Mısır ve Yunanistan dışişleri bakanları da Mısır’ın başkenti Kahire’de düzenledikleri basın toplantısında anlaşmanın sözüm ona “yasadışı” olduğunu ilan ettiler.

Avrupa Birliği (AB) sözcüsü Peter Stano’da aynı telden çalarak; “2019 Türkiye-Libya Mutabakat Anlaşması üçüncü devletlerin egemenlik haklarını ihlal etmekte olup deniz hukukuna aykırıdır” dedi.

Tekrar hatırlatalım ki; Libya ve Türkiye arasındaki hidrokarbon anlaşması, 2019’daki deniz yetki alanlarının sınırlandırılması mutabakatının bir uzantısı olarak imzalandı.

Emperyalist refleksin ve uzantılarının rahatsızlıkları, bizim için mutluluktur. Dışa vurdukları rahatsızlıklar; aslında Türkiye’nin attığı adımların, kıymetini, gücünü ortaya koyması bakımından da önemlidir.

Tabii rahatsızlık duyacaklar. Doğu Akdeniz’in yükselen yeni enerji jeopolitiği üzerinden, kurmak istedikleri sömürge düzeni bozuluyor.

Yayılmacı, saldırgan, kumpascı emperyalist refleksin bu rahatsızlıkları dışa vurmaya devam ededursun Dışişleri Bakanı Mevlüt Çavuşoğlu da gerçeklerin altını çizerek, şu tespitleri yapıyor;” imzaladığımız hidrokarbon anlaşması hem karada hem denizde ve yetki alanlarımızda kazan-kazan anlayışıyla Türk ile Libya firmalarının birlikte araştırma, sondaj gibi işbirliğine gitmesini hedefliyor.

Bu, iki egemen ülke arasında imzalanan bir anlaşmadır. Bu anlaşma yürürlükte olan bir anlaşmadır. Ayrıca hem Türkiye hem de Libya böyle bir anlaşmayı imzaladığını BM’ye bildirmiştir. Biz kıta sahanlığımızın sınırlarını da BM’ye kaydettirdik.

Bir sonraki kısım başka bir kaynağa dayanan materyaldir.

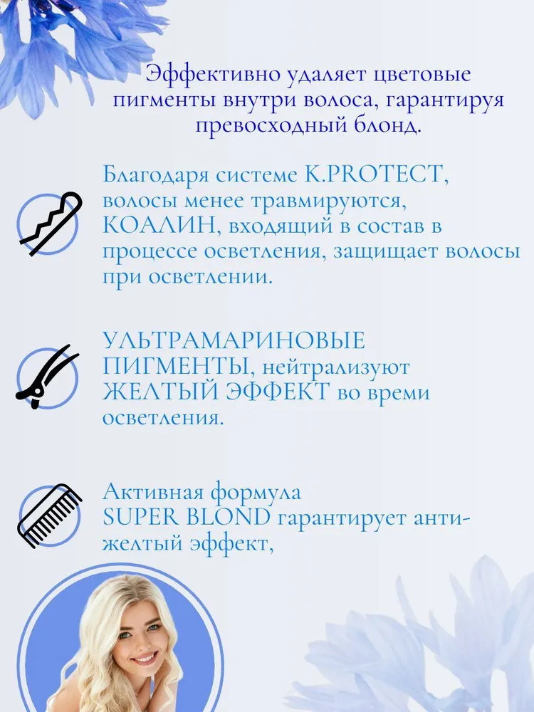 Acme-Color Осветлитель для волос «Super Blond»В данный момент этот товар отсутствует в продаже. Возможно, у нас найдется аналогичный или похожий товар здесь. Серия: Rowena Осветлитель Rowena «Super Blond» подходит для любых типов волос и всех технологий блондирования. Максимальной эффект осветления до 7 тонов. Интенсивность результата зависит от глубины тона волос, на который наносится средство. Удобная текстура с отличными косметическими свойствами. Подходит как для профессионального применения, так и для осветления волос в домашних условиях. |
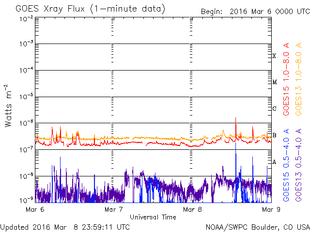 De operationele data in de bovenstaande grafiek werd aangepast om de schaalfactor te verwijderen die werd toegepast door het Space Weather Prediction Center (SWPC). Vanwege de SWPC-schaalfactor in de operationele data werden de zonnevlammen 42% kleiner gerapporteerd dan deze in de wetenschappelijke data. De schaalfactor werd ook verwijderd uit de lijst met zonnevlammen om de werkelijke fysieke eenheden weer te geven.
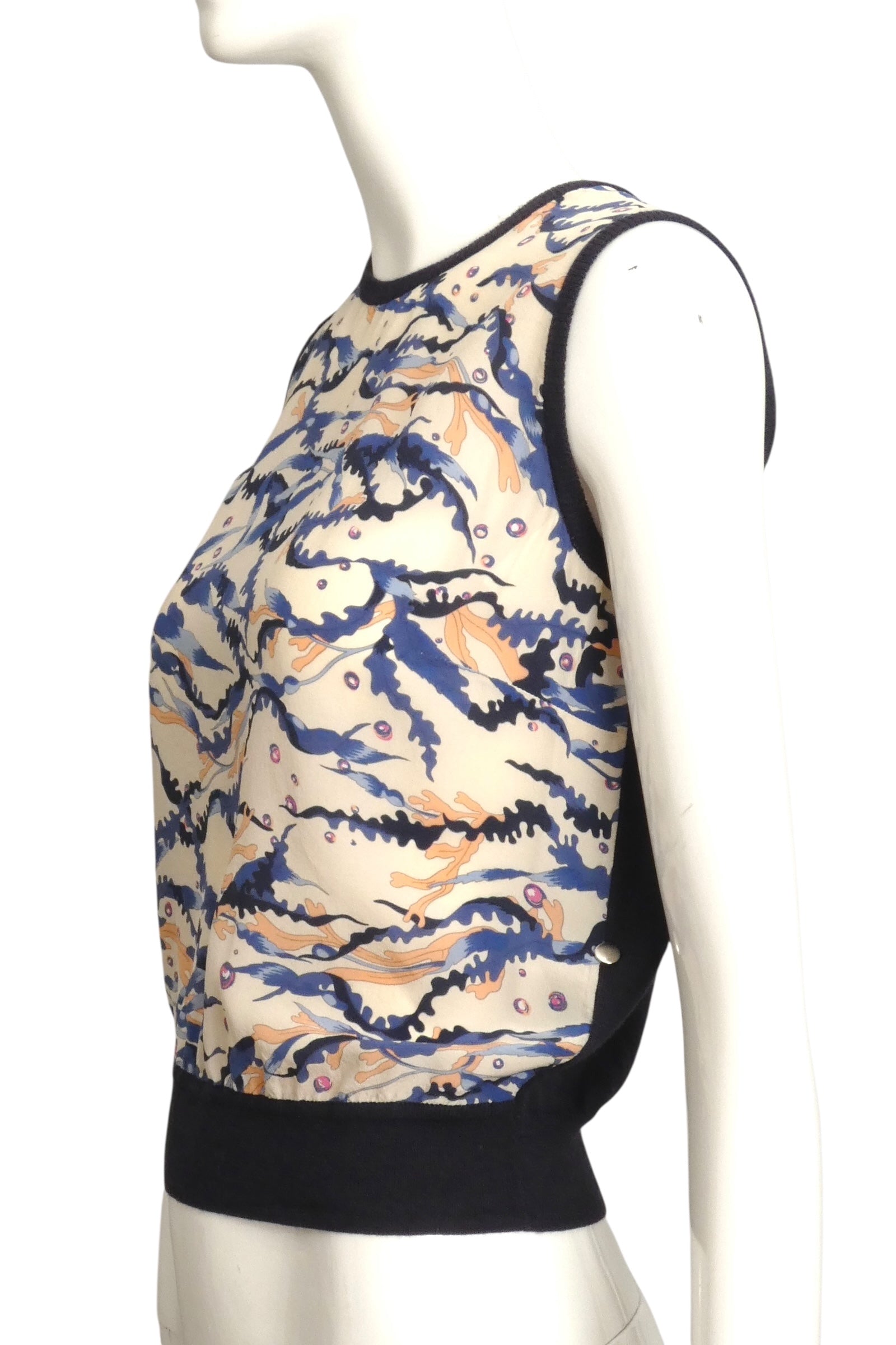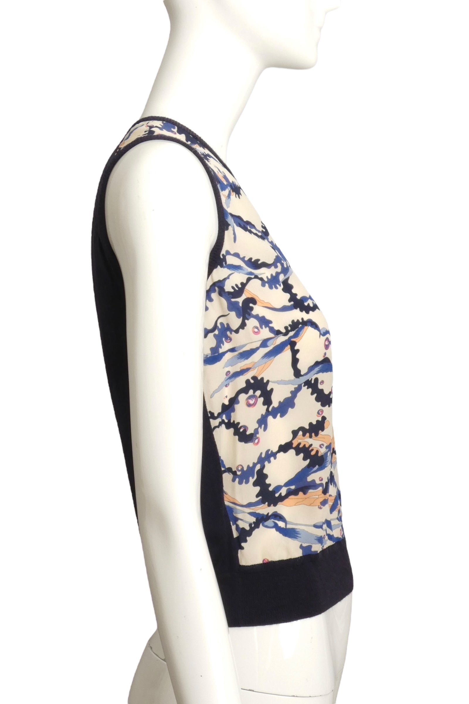 SALAVATORE FERRAGAMO- 1990s Print Silk & Knit Vest, Size XS
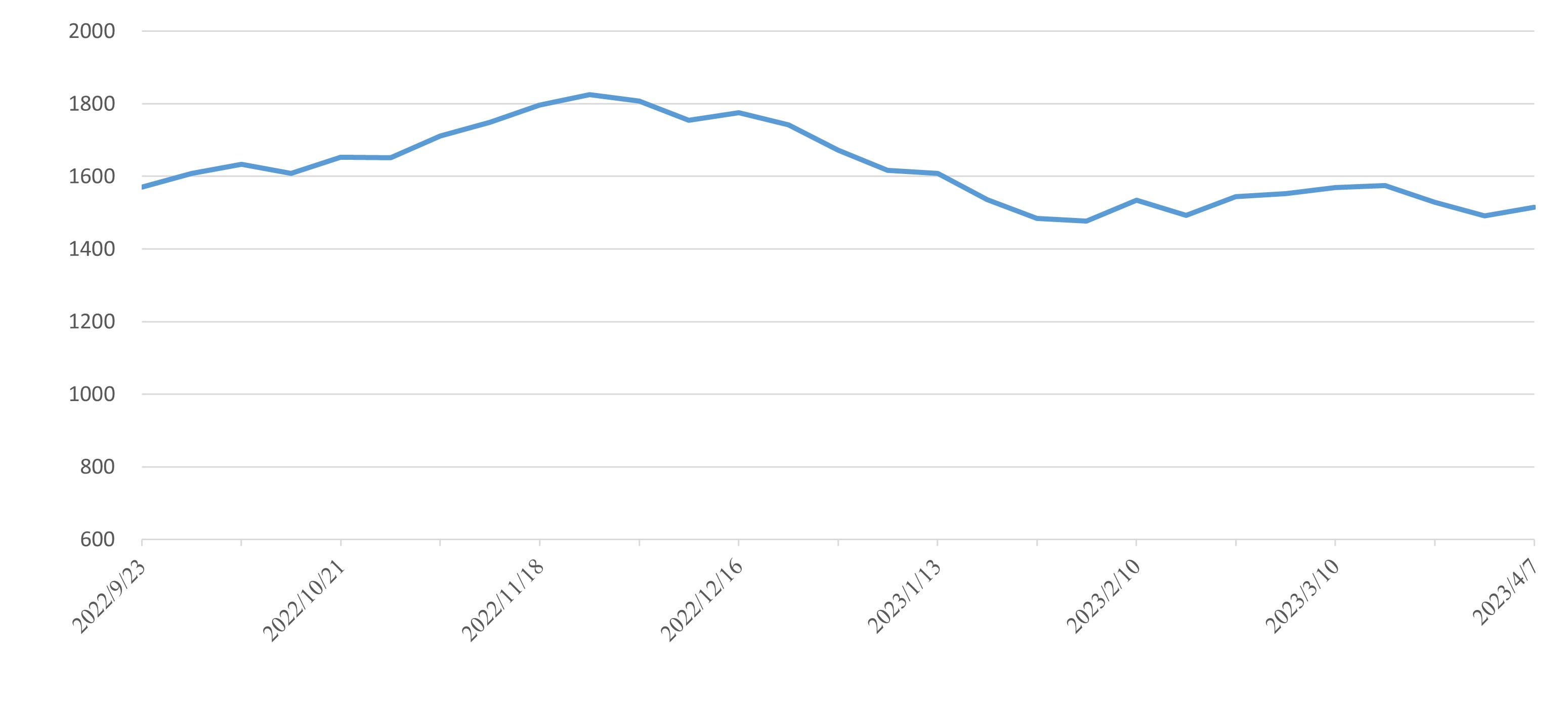 此外,華東指數(shù)報收1585點,環(huán)比下跌49點,跌幅3.00%;山東指數(shù)報收1388點,環(huán)比上漲85點,漲幅6.52%;福建指數(shù)報收1323點,環(huán)比下降78點,跌幅5.57%。
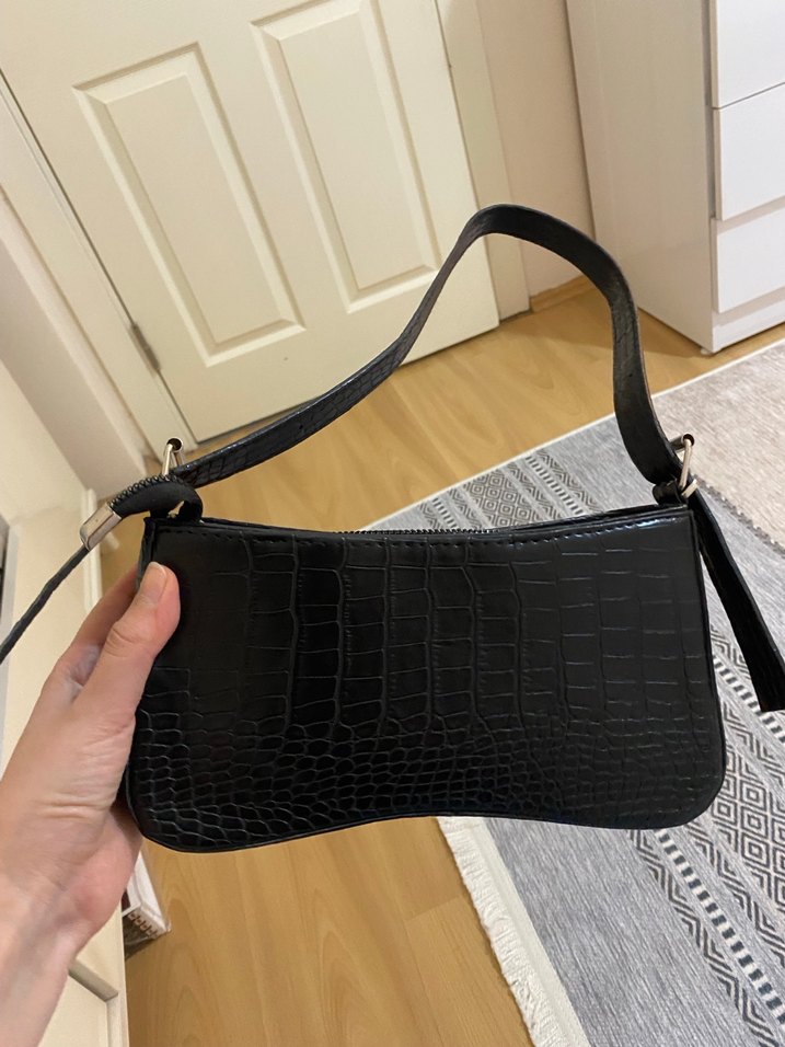 Siyah yılan desenli deri çanta, tokalı askısı ile günlük sokak stiline uygun şık bir modeldir.

İmzaladığımız anlaşmalar iki egemen devlet arasında, Libya ve Türkiye arasında kazan-kazan anlayışıyla imzalanan anlaşmalardır. Dolayısıyla üçüncü ülkelerin, iki egemen ülkenin imzaladığı anlaşmaya müdahale etme hakkı yoktur. Onların ne düşündüğü önemli değil. Önemli olan, bizim imzaladığımız anlaşmalar iki ülke ve iki ülke halkına faydalı mı, faydalı değil mi? Biz buna bakarız. İmzaladığımıza göre de burada karşılıklı fayda görüyoruz, kazan-kazan anlayışıyla.

Biz her alanda Libya ile ilişkilerimizi daha da geliştireceğiz. Libya’nın üçüncü ülkelerle ilişkilerini geliştirmesinden biz ancak memnuniyet duyarız. Libya’nın egemen bir devlet olduğunu o ülkeler de unutmasınlar. Olumsuz anlamda Libya’nın içişlerine karışmayı bıraksınlar.”

Türkiye’nin dış politika stratejisinin esasından yansıyan bu sözler, Türkiye’yi içe kapatmaya çalışan refleksin, sonuç alabilmesinin imkansızlığını da ortaya koyuyor.

Türkiye’nin Libya konusunda attığı adımları baltalamaya çalışan emperyalist refleksin şer hevesi belli de, ya Libya tezkeresine TBMM’de peş peşe iki kez “hayır” oyu veren CHP’nin bu konudaki yaklaşımı ne anlama geliyor? Libya konusunda gelinen süreci görmüyorlar mı? Görüyorlarsa bu konuda neden destek değil de, PKK’nın siyasi ayağı HDP ile aynı tavrı sergiliyorlar?

Bu soruları hiç sormayalım mı? Cevaplarını hiç merak etmeyelim mi?

Öte yandan KKTC’nin tanınması konusunda önemli gelişmelere tanık oluyoruz. Rusya’nın KKTC’ye doğrudan uçuş yapma kararı, ardından dış temsilcilik açma adımı, son derece önemli gelişmelerdir.

Tüm bu gelişmeler, Türkiye’nin emperyalist kuşatmaya karşı verdiği kararlı mücadelenin sonuçlarıdır.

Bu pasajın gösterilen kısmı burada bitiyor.